Eu
procuro inspiração, eu necessito vomitar o que sinto, não procuro organizar as
formas, conjugar meus verbos, pontuar as oxítonas e tampouco os meus finais.
Não
quero preencher uma página em branco com sentimentos meus ocultos. Não faço
verdade de nada que digo aqui. Não, não quero causar nada em ninguém, não sou
capaz de cuidar do que causo em mim mesma. Inspiração, eu procuro uma
inspiração apenas.
Sinto
dor, tenho segredos, minto e choro, amo, assim como todo mundo e não quero ter
que usar de algumas belas palavras ou ridículas palavras para expor-me a todo o
resto de gente mórbida que por aqui passa.
Eu
fecho os olhos, eu choro sozinha, tenho saudades de coisas que ainda não me
pertencem e talvez jamais pertençam. Está frio no meu quarto, o céu está escuro
e a lua está cheia. Troquei alguns móveis de lugar, assisti a alguns filmes,
lavei uns copos. Será que isso surpreende alguém que lê? É poético para quem
crê? Faz sentido em outras realidades? Mais alguém ai do outro lado sabe do que
estou falando? Vamos conversar essa noite, trocas figurinhas até minha angustia
passar?
Verifiquei
o horóscopo, visitei a cartomante, invoquei um espirito, confessei e nada. Nada
se tornaria num sentido próprio. Cortei uma veia, assim, como se ninguém
importasse. Ainda dói.
Avistei
um avião, sonhei voar com ele. Sorri. Há tempos que eu não sorria com
sinceridade. Ainda dói.
E
aí, regurgitei frases não premeditadas, joguei toda minha angústia pro alto
ouvindo a mesma música cinquenta e três vezes, e o que se torna tudo que digo
pra você? Será que quando procuro comportar tudo em sua forma consigo absorver
sentimentos seus? E agora, diga-me o que sente. Escreva uma carta endereçada a
mim. Coloque purpurinas na sua dor e permita-me ler também. Inspiração, eu
procuro uma inspiração apenas!
[alguém se dispõe a me escrever...]
Carta
[alguém se dispõe a me escrever...]
Carta
Então senti-me tentada a responder , senti me pedida, perdida junto, sei cada vez menos de cada coisa.

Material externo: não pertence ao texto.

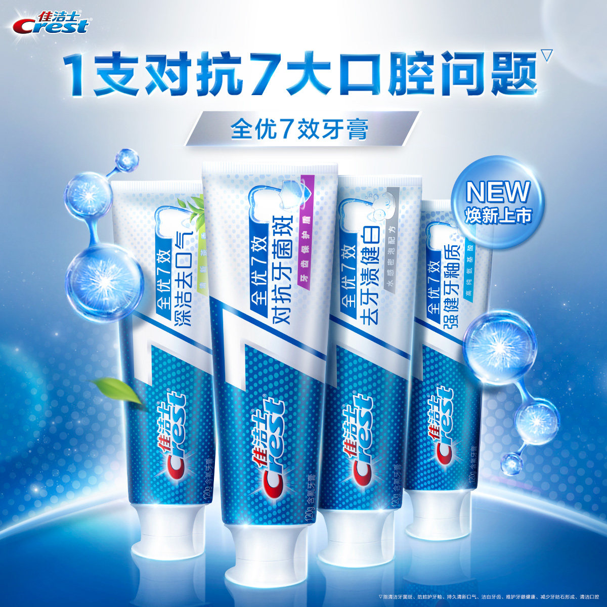 佳洁士牙膏全优7效口气清新口腔清洁强健牙釉质健白牙膏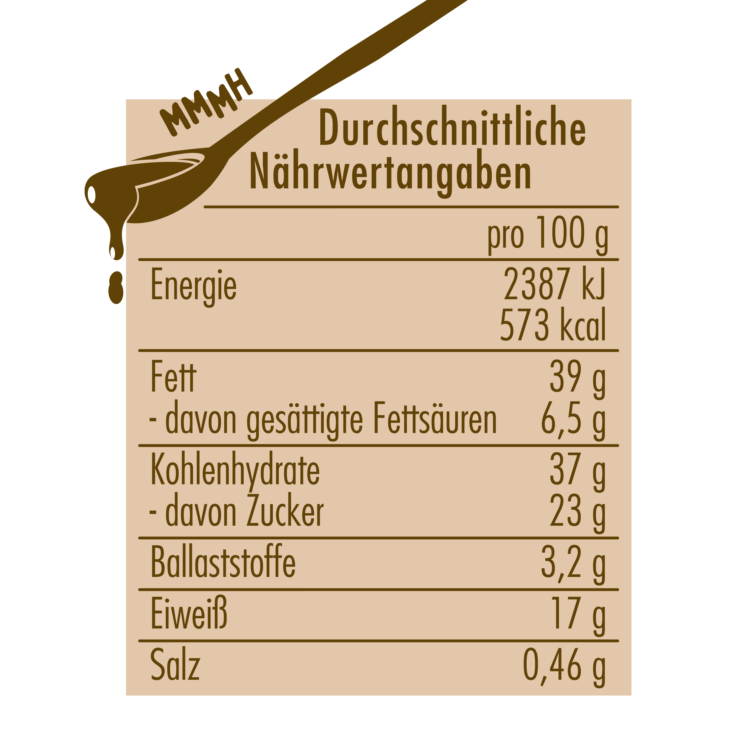 Unser Mus aus Cashewkernen Salted Caramel ist zu 100% vegan, glutenfrei und besteht ausschließlich aus Zutaten, die aus biologisch kontrolliertem Anbau stammen. So kannst du sicher sein, dass du ein Produkt in den Händen hältst, das nicht nur gut für dich, sondern auch gut für die Umwelt ist. Wenn du Wert auf gesunde Zutaten legst, wirst du diese Creme lieben.

Vou responder a uma carta amiga dando cores para minhas dores, como se fosse possível visualizar assim o ar que me falta, inalar uma fumaça que não existe, rosa/amarela poluída de bugigangas de mim.
Não importo-me muito em contornar minhas palavras,escrevo sem preocupação de formar frases com possível digestão, vou apenas deixar vazar o pus de dentro. Não lavei copos, não fiz nada a ideia era quase não me mover, com medo dos cacos de vidro que me cortavam por dentro, então por hoje quase não me mexi,pensando bem há vários dias mexo me cada vez menos,cada movimento gera um enxame de abelhas e sou alérgica a abelhas, especialmente das que moram dentro de mim.Nem sei mesmo qual a lua que esta lá fora, se não fosse por uma cólica leve e uma garganta inflamada eu nem mesma saberia se meu corpo esta ou não anestesiada.Ao olhar outro dia tanto guache, cola e tinta misturadas em um papel, pensei que por dentro de mim também devo ser assim numa pretensão de ser feita de uma arte incompreensível, no fim as cores misturadas estavam cinzas mas ainda lá tinha em sua composição outras cores vibrantes talvez por isso hoje também não me mexi, talvez tentasse não misturar mais nada aos cacos cortantes tão misturados.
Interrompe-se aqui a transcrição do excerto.